HAVING DEVELOPED a basic mechanism, the SRI team soon began work on a flood of application concepts:
Linear actuators. To make what they call spring rolls, the engineers wrap several layers of prestrained laminated dielectric elastomer sheet around a helical spring. The tension spring supports the circumferential prestrain, whereas the lengthwise prestrain of the film holds the spring compressed [see box on page 68]. Voltage makes the film squeeze in thickness and relax lengthwise so that the device extends. The spring rolls can therefore generate high force and stroke in a compact package. Kornbluh reports that automakers are interested in these mechanisms as replacements for the many small electric motors found in cars, such as in motorized seat-position controls and in the valve controls of high-efficiency camless engines.
Bending rolls. Taking the same basic spring roll, engineers can connect electrodes to create two or more distinct, individually addressed sections around the circumference. Electrically activating that section makes its side of the roll extend, so the entire roll bends away from that side [see box on page 68]. Mechanisms based on this design could engage in complicated motions that would be difficult to accomplish using conventional motors, gears and linkages. Possible uses would be in steerable medical catheters and in so-called snake robots.
Push-pull actuators. Pairs of dielectric elastomer films or of spring rolls can be arranged in a “push-pull” configuration so that they work against each other and thus respond in a more linear (“one input yields one output”) fashion. Shuttling voltage from one device to the other can shift the position of the whole assembly back and forth; activating both devices makes the assembly rigid at a neutral point. In this way, the actuators act like the opposing bicep and tricep muscles that control movements of the human arm.
Loudspeakers. Stretch a dielectric elastomer film over a frame that has an aperture in it.

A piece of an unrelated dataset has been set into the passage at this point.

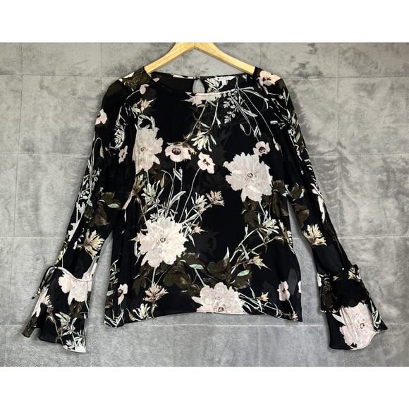 Lucky Brand Blouse Medium Dark Floral Black Pink Bell Sleeve Ruffle Whimsigoth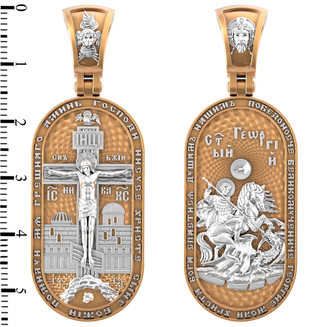 По контуру написана молитва: «Победоносче Великомучениче Георгие, моли Христа Бога спастися душам нашим». На кулонном кольце изображен Спас Нерукотворный — Символ вочеловечившегося Божества.

Expanding and contracting rapidly according to the applied voltage signal, the diaphragm will then emit sound. This configuration can yield a lightweight, inexpensive flat-panel speaker whose vibrating medium is both the driver and sound-generating panel. Current designs offer good performance in the mid- and high-frequency ranges. The speaker configuration has not yet been optimized as a woofer, although no obstacle prevents it from operating well at low frequencies [see box on preceding page].
Pumps. The design of a dielectric elastomer diaphragm pump is analogous to that of a low-frequency loudspeaker to which engineers have added a fluid chamber and two one-way check valves to control the flow of liquid. Artificial muscles are well suited to powering microfluidic pumps, for example, on the lab-on-a-chip devices prized by medicine and industry.

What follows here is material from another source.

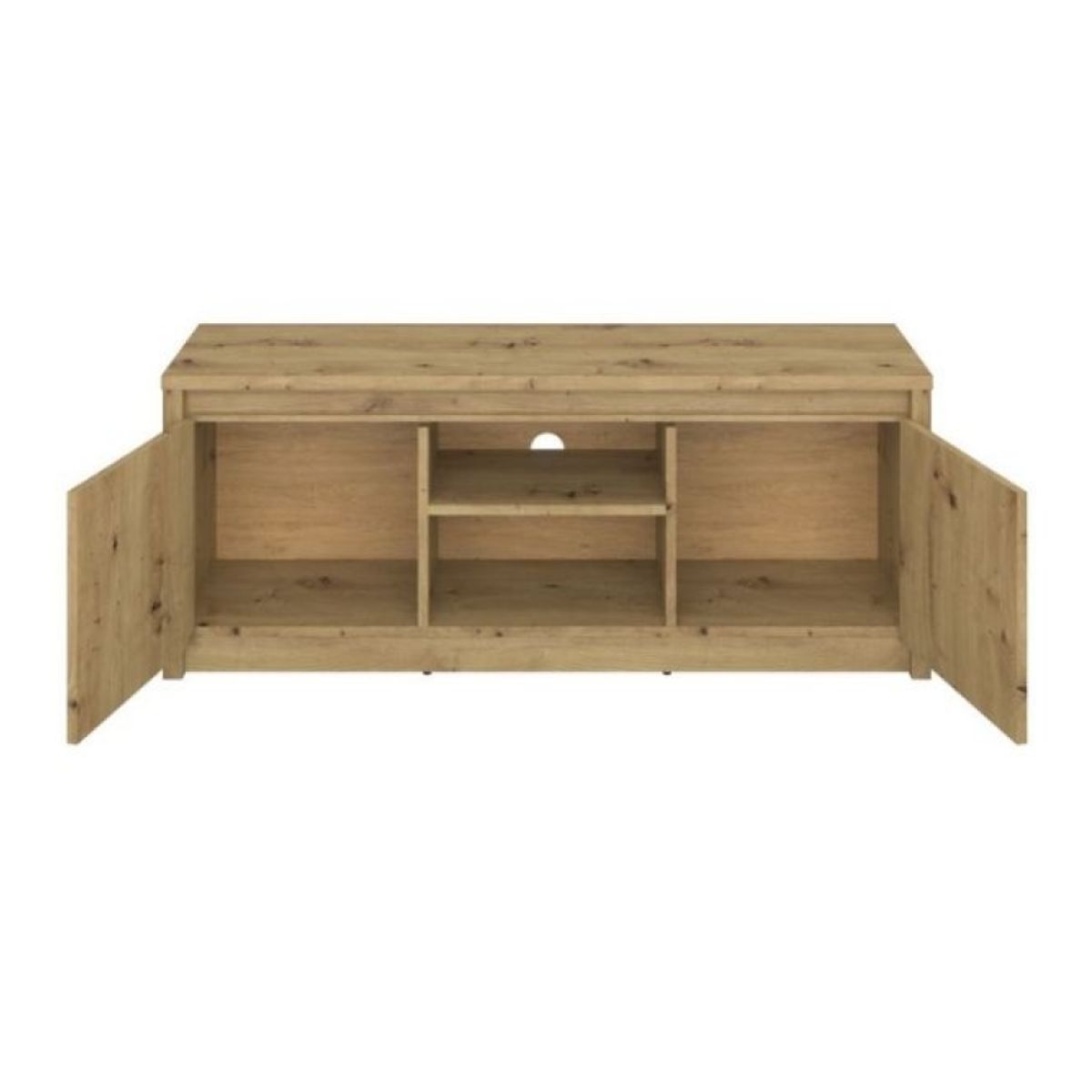 Material: PAL melaminat / margini ABS Culoare: stejar Artisan Dimensiuni (LxAxÎ): 125,4x36,2x50 cm Grosimea materialului: 1,6-3,2 cm Mânere din plastic Culoarea mânerelor: neagră Spaţiu de depozitare deschis cu raft Două dulapuri Picioare din plastic Orificiu pentru cabluri Design modern Livrată dezasamblată

Sensors. Because of their nature, all SRI's dielectric elastomer devices exhibit a change in capacitance when they are bent or stretched. Thus, it is possible to make a sensor that is compliant and operates at low voltage. According to Kornbluh, the team came close to getting an automaker to adopt the technology as a sensor for measuring the tension of a seat belt. Such sensors could similarly be incorporated in fabrics and other materials as fibers, strips or coatings, he says.

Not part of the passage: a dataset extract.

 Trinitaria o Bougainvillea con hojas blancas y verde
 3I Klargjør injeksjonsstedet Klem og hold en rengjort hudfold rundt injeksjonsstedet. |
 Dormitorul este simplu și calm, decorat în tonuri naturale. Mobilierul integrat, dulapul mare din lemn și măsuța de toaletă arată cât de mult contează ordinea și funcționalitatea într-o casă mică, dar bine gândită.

Surface texturing and smart surfaces. If the polymers are imprinted with patterns of electrodes, arrays of dots or shapes can be raised on a surface on demand. This technology might find use as an active camouflage fabric that can change its reflectance as desired or as a mechanism for making “riblets” that improve the aerodynamic drag characteristics of airplane wings [see box on opposite page].
Power generators. Again, because these materials act as soft capacitors, variable-capacitance power generators and energy harvesters can be built from them. DARPA and the U.S. Army funded development of a heel-strike generator, a portable energy source that soldiers and others in the field could use to power electronic devices in place of batteries. An average-size person taking a step each second can produce about a watt of power using a device now under development [see box above]. Von Guggenberg says this concept has caught the interest of footwear companies. The devices could similarly be attached to backpack straps or car-suspension components. In principle, this approach could also be applied to wave generators or wind-power devices.
SRI researchers have tested a more radical concept—“polymer engines.” Propane fuel was burned inside a chamber, and the pressure from the resulting combustion products distorted a dielectric elastomer diaphragm, generating electricity. Such designs might eventually lead to efficient, extremely small generators in the centimeter-or-less size range.
But truly marketable products are still to come. “At this point we’re building turnkey devices that we can place in the hands of engineers so they can play with them and get comfortable with the technology,” von Guggenberg notes. “We hope it's just a matter of time before every engineer will consider this technology as they design new products.”